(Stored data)
==================================================
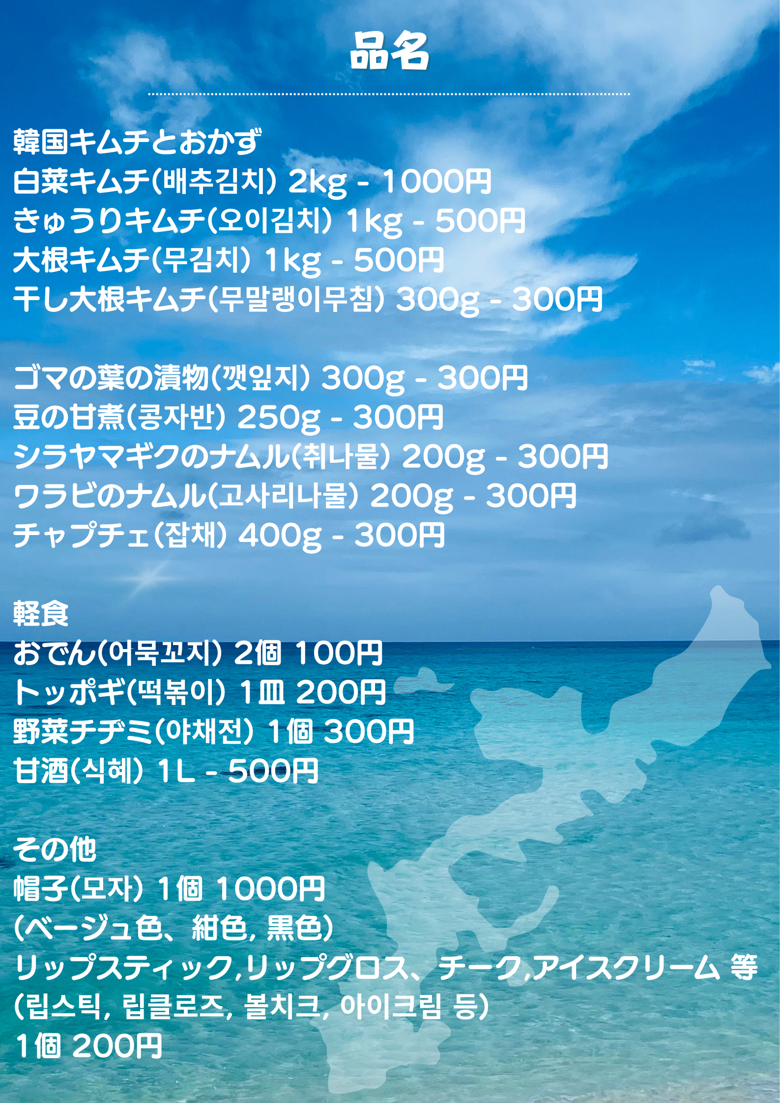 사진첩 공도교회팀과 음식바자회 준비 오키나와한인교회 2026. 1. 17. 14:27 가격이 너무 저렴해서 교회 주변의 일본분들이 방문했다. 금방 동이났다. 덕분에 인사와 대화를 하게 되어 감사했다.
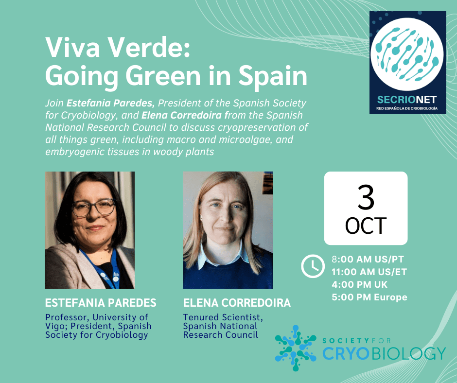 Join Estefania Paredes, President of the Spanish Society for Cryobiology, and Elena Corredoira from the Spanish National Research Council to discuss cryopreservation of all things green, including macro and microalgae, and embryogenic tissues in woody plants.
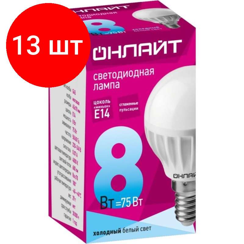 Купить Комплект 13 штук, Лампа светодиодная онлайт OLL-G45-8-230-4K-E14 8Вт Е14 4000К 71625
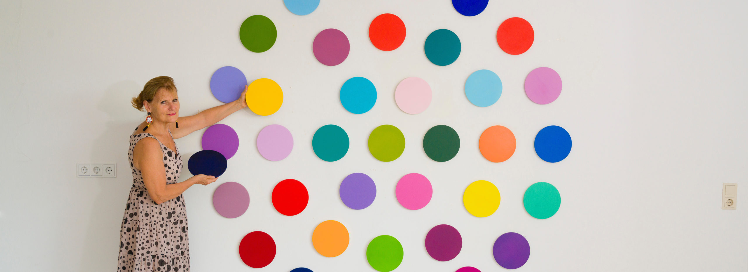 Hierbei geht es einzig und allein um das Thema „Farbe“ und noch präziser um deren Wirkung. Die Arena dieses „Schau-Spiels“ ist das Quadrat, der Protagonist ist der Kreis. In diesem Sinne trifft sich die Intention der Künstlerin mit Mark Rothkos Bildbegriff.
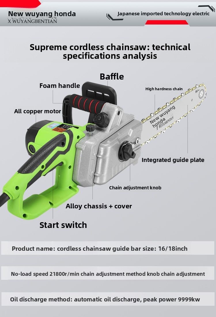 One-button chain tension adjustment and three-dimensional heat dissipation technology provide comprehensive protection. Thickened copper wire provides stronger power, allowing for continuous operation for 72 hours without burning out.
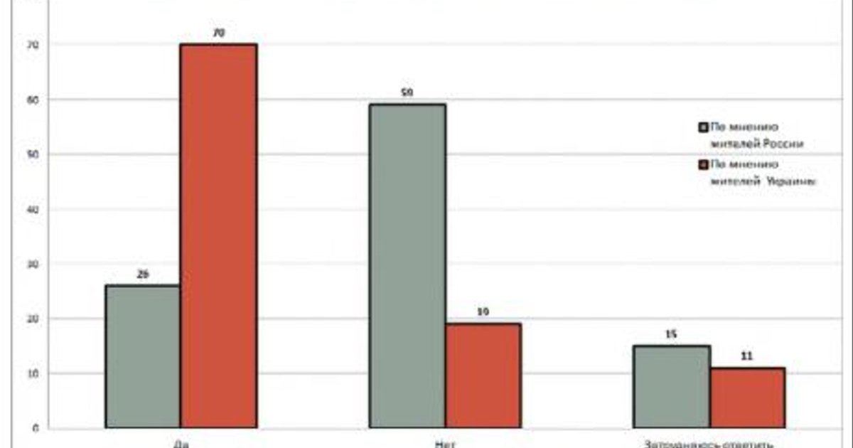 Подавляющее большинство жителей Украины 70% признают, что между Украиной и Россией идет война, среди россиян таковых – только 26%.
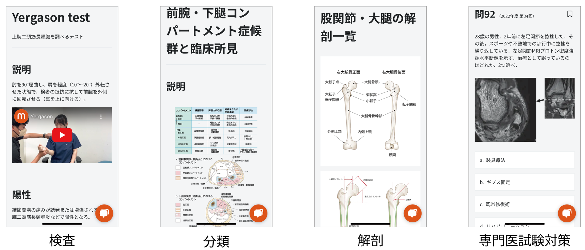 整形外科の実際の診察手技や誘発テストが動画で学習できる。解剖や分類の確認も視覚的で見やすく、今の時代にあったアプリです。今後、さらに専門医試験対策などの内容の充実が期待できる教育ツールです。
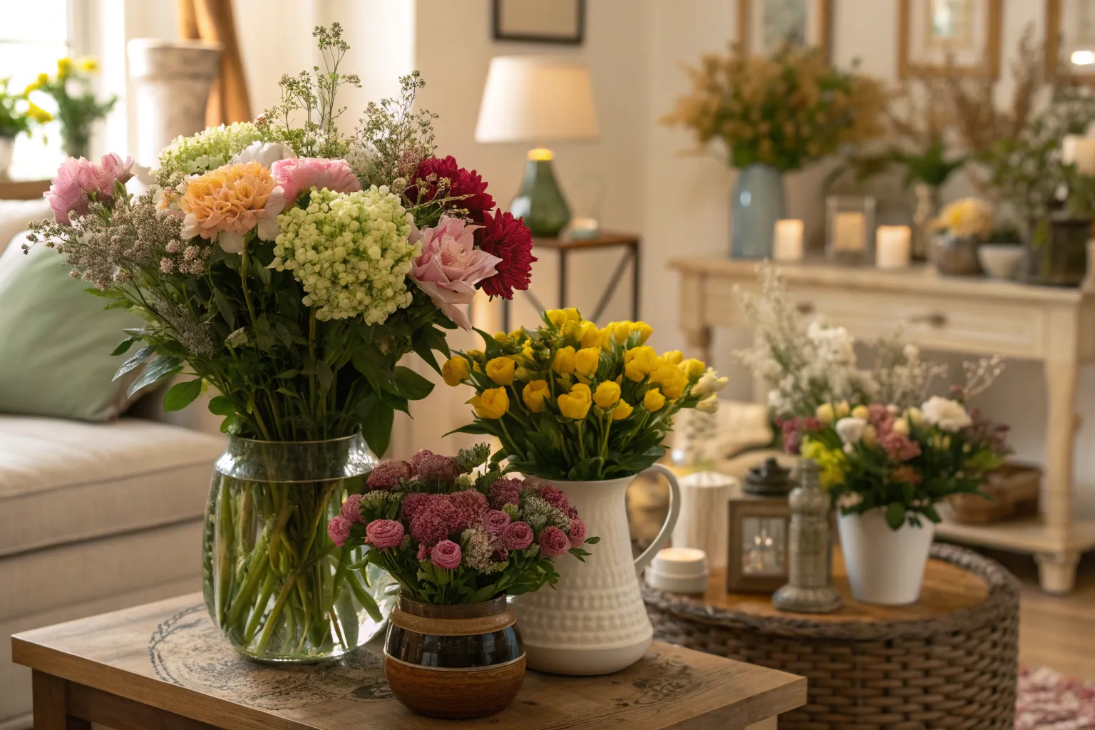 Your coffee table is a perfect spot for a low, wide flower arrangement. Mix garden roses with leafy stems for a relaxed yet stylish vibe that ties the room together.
==================================================
[Problem requirements]: Your reply should hold only the lines running from the one with "整形外科の実際の診察手技や誘" to the end of the data above, set down exactly, pictures omitted.

[Your response]:
 整形外科の実際の診察手技や誘発テストが動画で学習できる。解剖や分類の確認も視覚的で見やすく、今の時代にあったアプリです。今後、さらに専門医試験対策などの内容の充実が期待できる教育ツールです。
 Your coffee table is a perfect spot for a low, wide flower arrangement. Mix garden roses with leafy stems for a relaxed yet stylish vibe that ties the room together.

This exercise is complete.